Your experience with anyone working in the government that deals with CITES is very similar to mine. It feels like they just don't give a crap about a guitar with rosewood on it. The recent exemptions for guitars is pretty much just validating what everyone thought all along.


----------



## oldjoat (Apr 4, 2019)

please note the "Brazilian" rosewood instruments still requires a document during cross border travel , for any amount 
other rosewood species are now exempt ...


----------



## Steadfastly (Nov 14, 2008)

That is quite the find! Too bad you had to have it shipped via UPS I imagine they charged a handsome fee for brokerage on your guitar. Just a heads up.

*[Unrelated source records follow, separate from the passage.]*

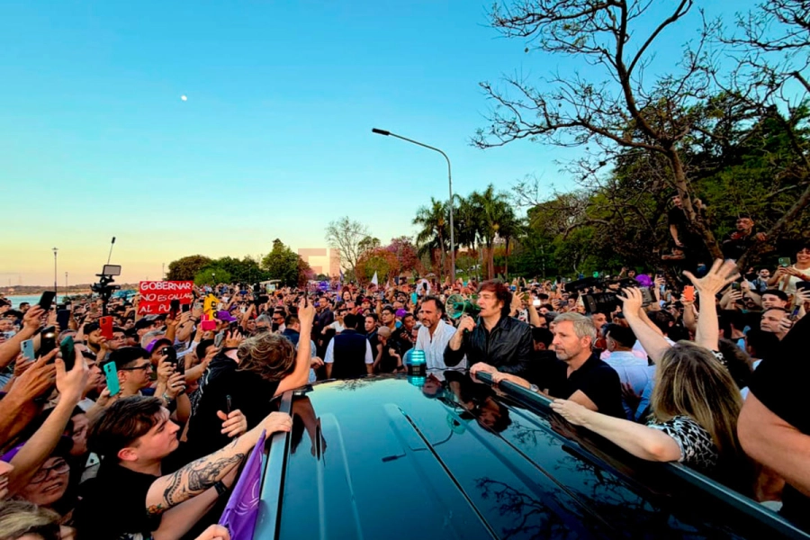 El presidente hizo un breve recorrido por la costanera baja de la ciudad de Paraná, en medio de un tumulto de seguidores y un importante despliegue de fuerzas federales y provinciales. Con un megáfono, saludó a sus libertarios y brindó un escueto mensaje.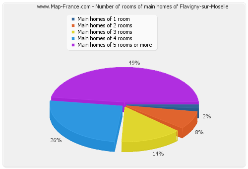 - Number of main homes of Flavigny-sur-Moselle of 1 room : 11 - Number of main homes of Flavigny-sur-Moselle of 2 rooms : 54 - Number of main homes of Flavigny-sur-Moselle of 3 rooms : 91 - Number of main homes of Flavigny-sur-Moselle of 4 rooms : 91 - Number of main homes of Flavigny-sur-Moselle of 5 rooms and more : 313 |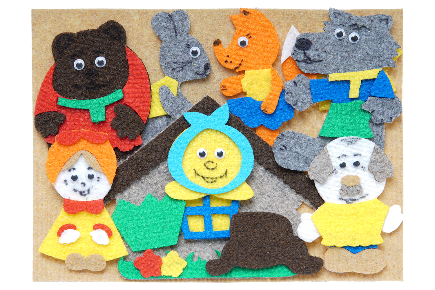 Поле 20*30см, дед, бабка, колобок, домик, медведь, волк, лиса, заяц, пенек, солнышко. Фигурки от 4,5см до 10см.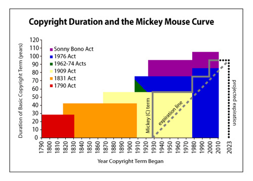 ну да, есть кривая Микки Мауса - как дисней каждый раз лоббировал продление копирайта для защиты своей продукции.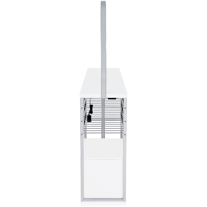Transform your space into a beacon of style with this contemporary wine cabinet that marries function with cutting-edge design. Bathed in the glow of LED lighting with a choice of eight vibrant colors, this piece becomes the centerpiece of any entertainer's haven. The sleek chrome electroplated metal frame supports a durable composite wood tabletop, perfect for hosting an array of glasses and spirits. Below, a two-door cabinet conceals essentials, while three tiers cradle up to 21 bottles of your finest wine. With a built-in stemware rack, this bar doesn't just store your collection, it showcases it, making every occasion a toast-worthy affair. Key Features: • Contemporary wine cabinet with customizable LED lighting featuring 8 color options • Chrome electroplated metal frame with durable composite wood tabletop • Integrated 3-tier bottle storage accommodating up to 21 bottles • Built-in stemware rack for glassware organization • Two-door cabinet for additional storage and streamlined appearance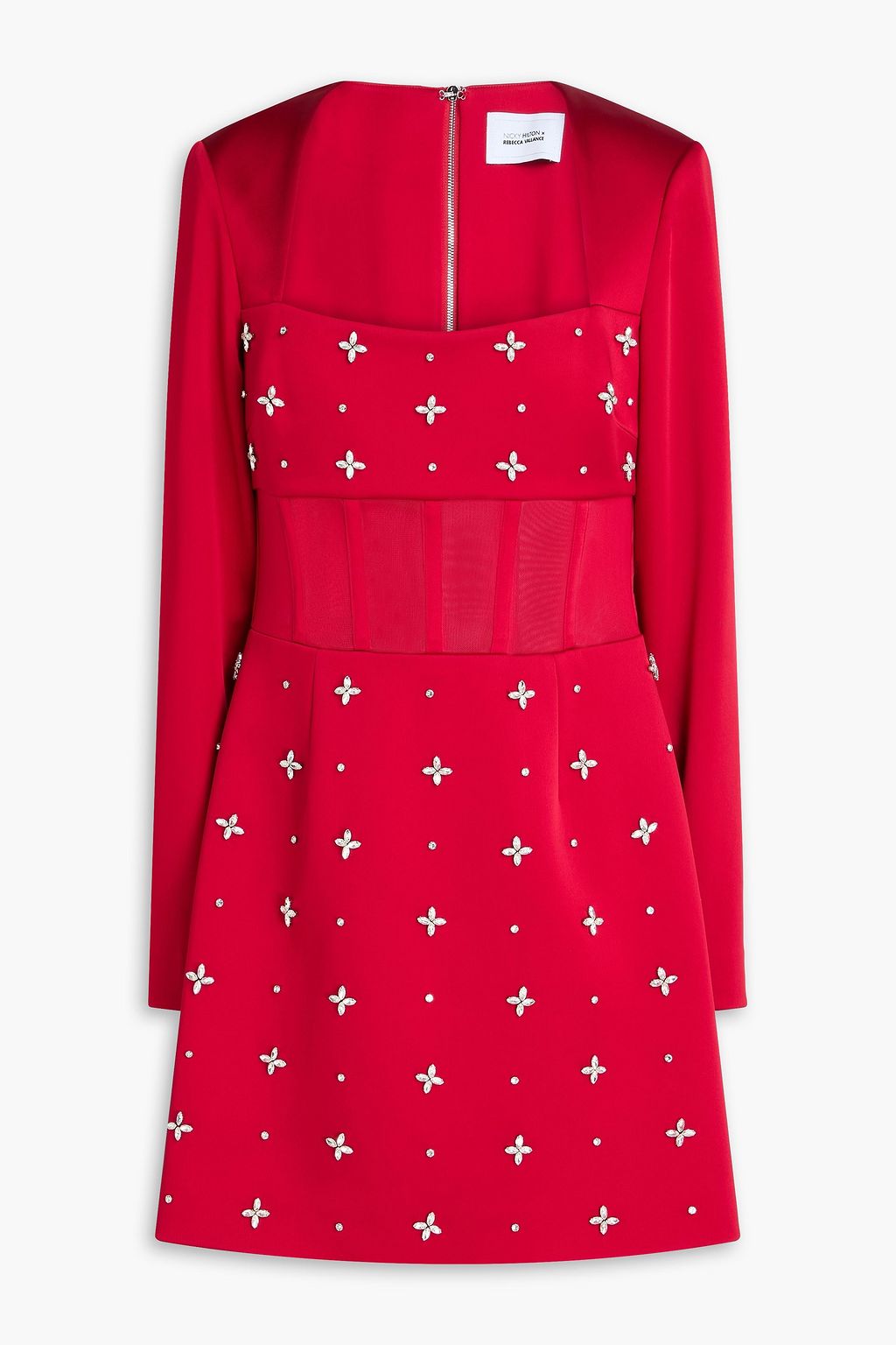 REBECCA VALLANCE Carmella crystal-embellished tulle-paneled satin mini dress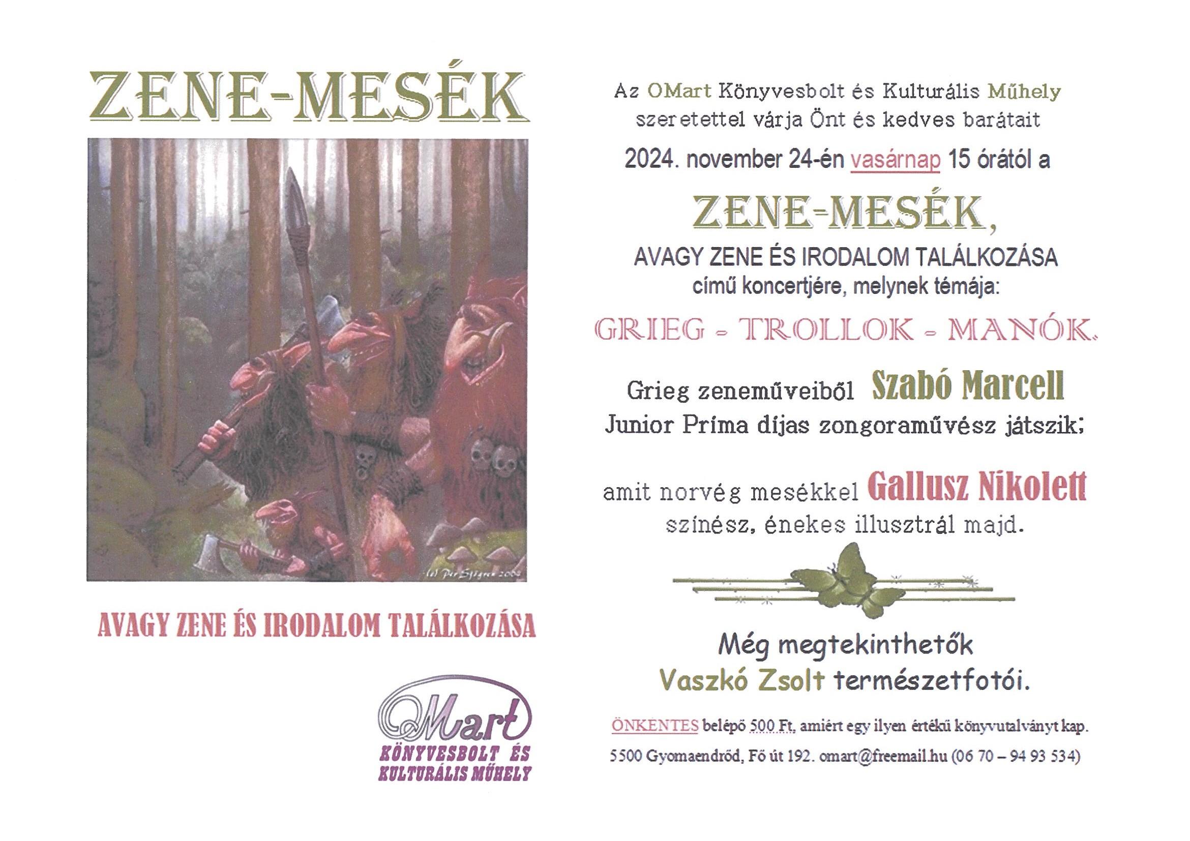 Az OMart Könyvesbolt és Kulturális Műhely szeretettel várja önt és kedves barátait 2024. november 24-én, vasárnap 15 órától, a Zene-Mesék avagy zene és irodalom találkozása című koncertjére, melynek témája: Grieg-Trollok-Manók.

I have friends on the border who will pick things up for me and bring them across to Canada. I feel obligated to give them a bit for their trouble but it would be a lot less then paying the fees that UPS and FedEx charge. If that is a help to anyone, let me know and I will help you out.


----------



## High/Deaf (Aug 19, 2009)

I have a couple kilos of ... ummmm,,,,,errrr .... baking powder on the other side of the border. I wonder if he'd pick that up and bring it across for me. I'd pay him $5k for his trouble. But we don't know each other if the border guards are 'baking powder' fans, K?


----------



## Scottone (Feb 10, 2006)

Great looking J50....good to hear that it lived up to the salesman's description.


----------